La vérité éclatera finalement dans la bouche de Jean-Jacques de Peretti, qui est sur la photo avec Sarkozy. Confronté à une dépêche de l'Agence France-Presse datée du 17 novembre qui mentionne sa présence à Berlin la veille, il a dû reconnaître que, «si l'AFP dit que c'était le 16 novembre, c'est que ça doit être vrai».
Ce mensonge a évidemment soulevé l'ire de la presse allemande. Difficile de ne pas comparer ce mensonge éhonté aux méthodes qu'utilisait le KGB pour réécrire l'histoire. Depuis, Internet est submergé de photos fantaisistes où l'on voit Nicolas Sarkozy signant le traité de Yalta ou l'armistice du 11 novembre 1918.
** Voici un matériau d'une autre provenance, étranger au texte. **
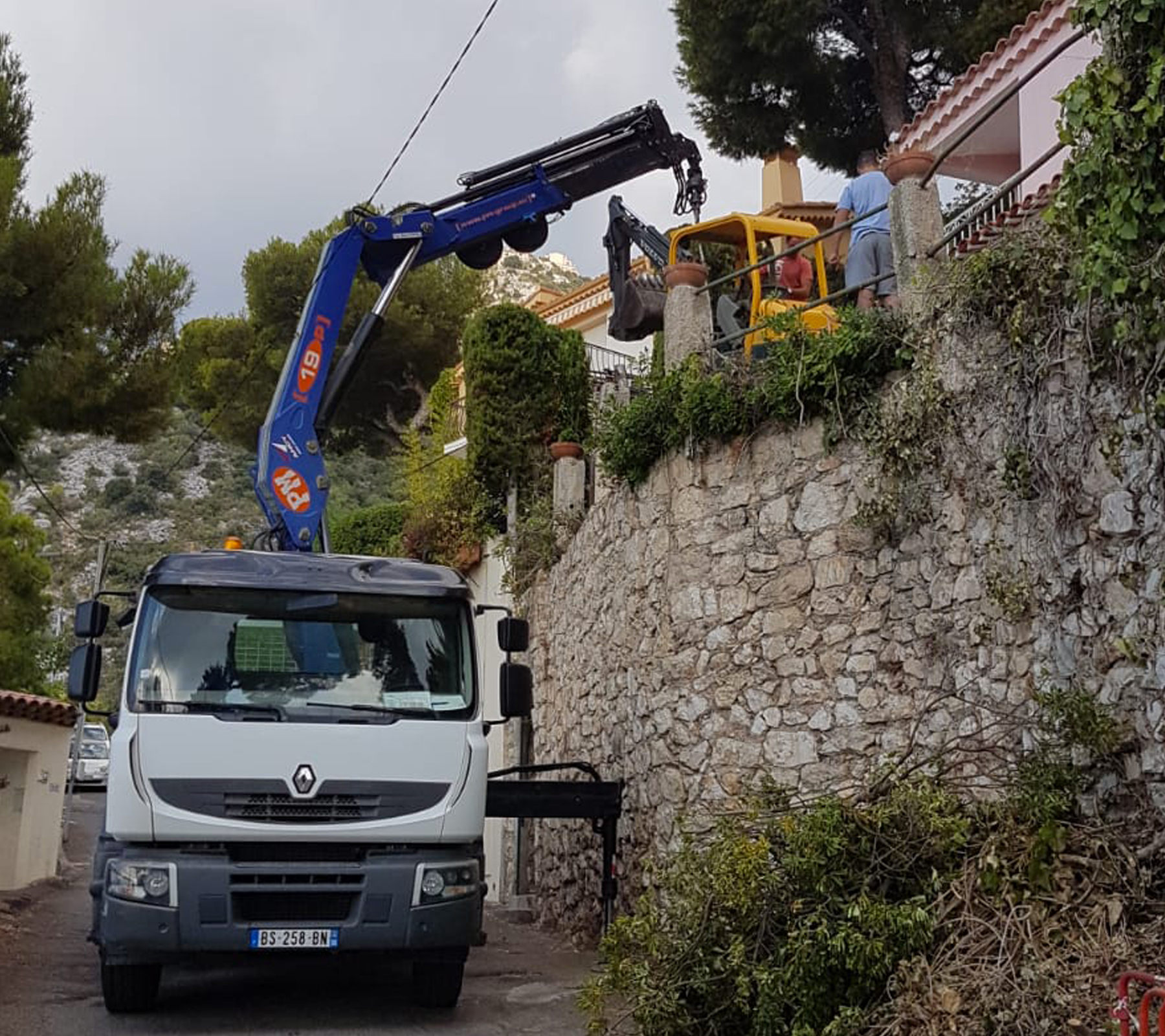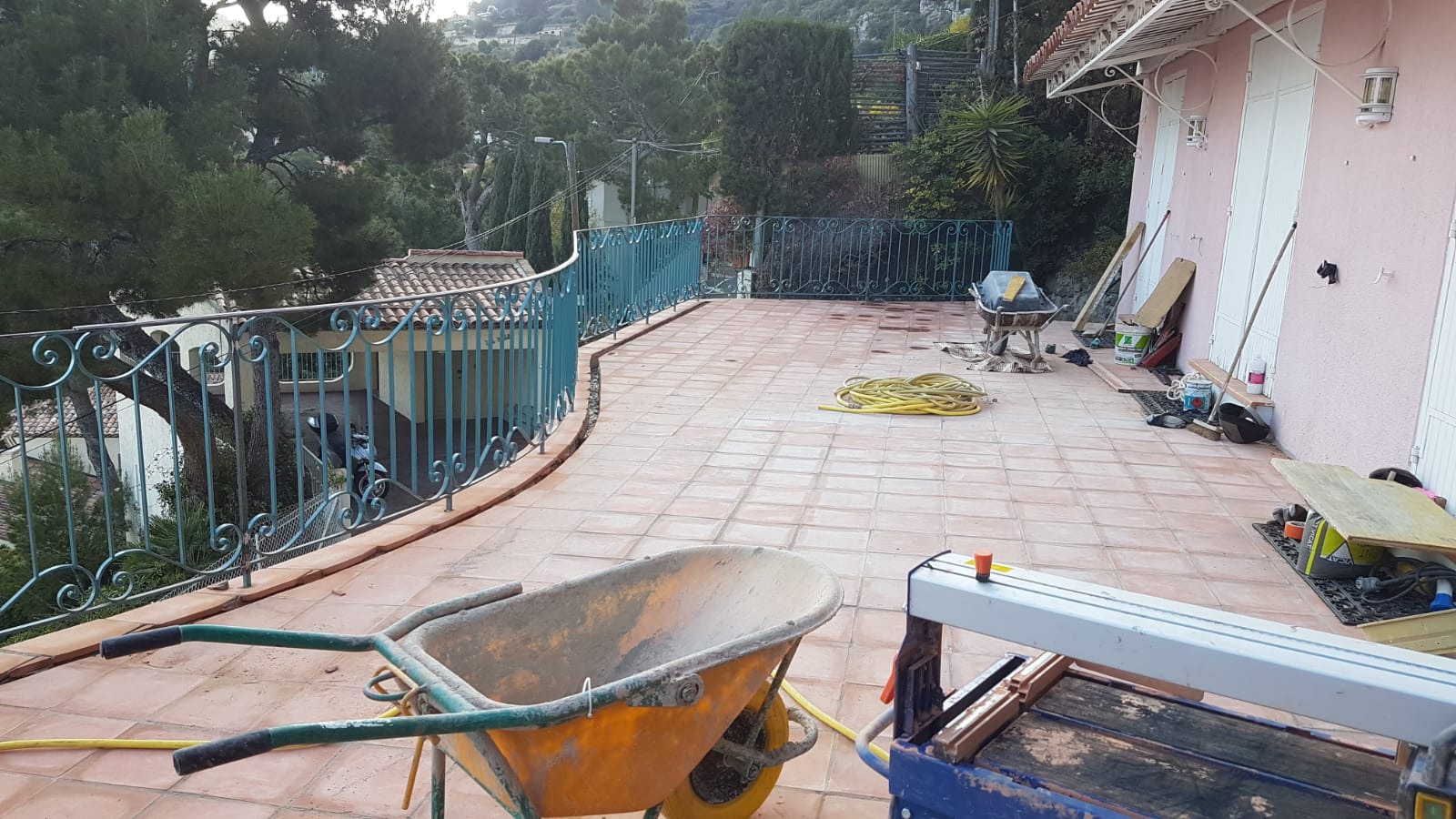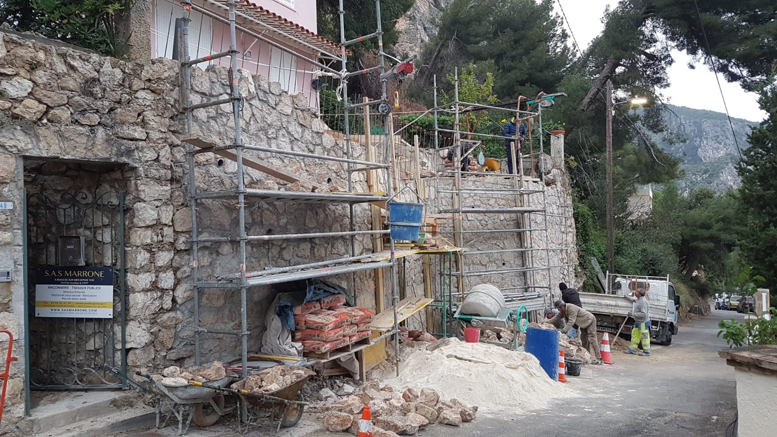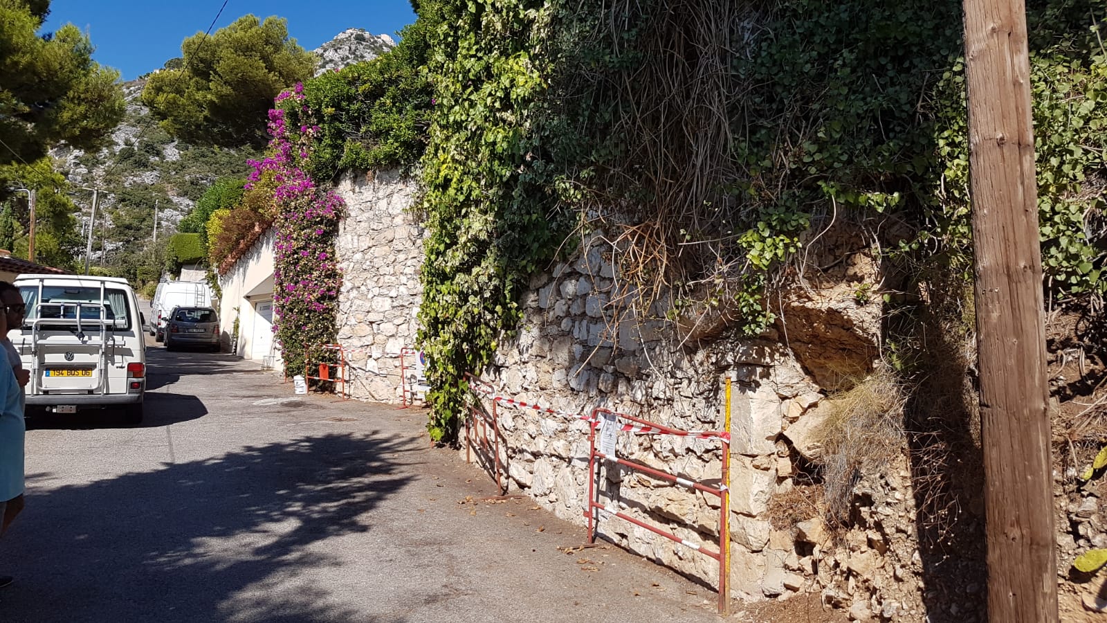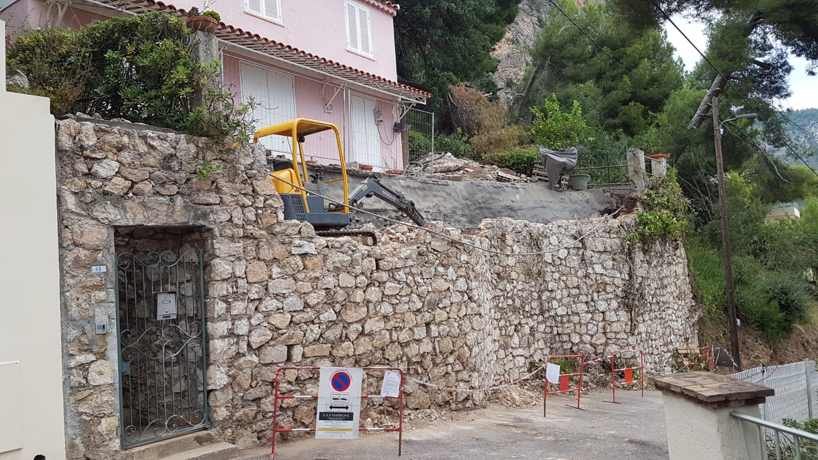 Réfection d'un mur de soutènement sur route en cours d'éboulement (instable et fissuré) sur toute la longueur, 17 mètres, à Eze sur mer De la DALLE TERRASSE (fissurée et affaissée): Protection du talus par béton projeté

L'affaire ferait sourire si elle ne manifestait pas l'étrange tendance de ce gouvernement à défendre jusqu'à la limite du raisonnable des positions indéfendables. C'est ce qu'avait fait Sarkozy en soutenant jusqu'à la dernière minute la candidature de son fils à la présidence de l'Établissement public de la Défense. À force de multiplier ces dérapages, la parole présidentielle risque malheureusement de s'affaiblir jusqu'à sombrer dans une sorte de magma sans nom. Le Canard enchaîné ne s'y est pas trompé en titrant «Ich bin ein baratineur!»*
(*) Allusion à la célèbre phrase de John Kennedy: «Ich bin ein Berliner» (Je suis un Berlinois).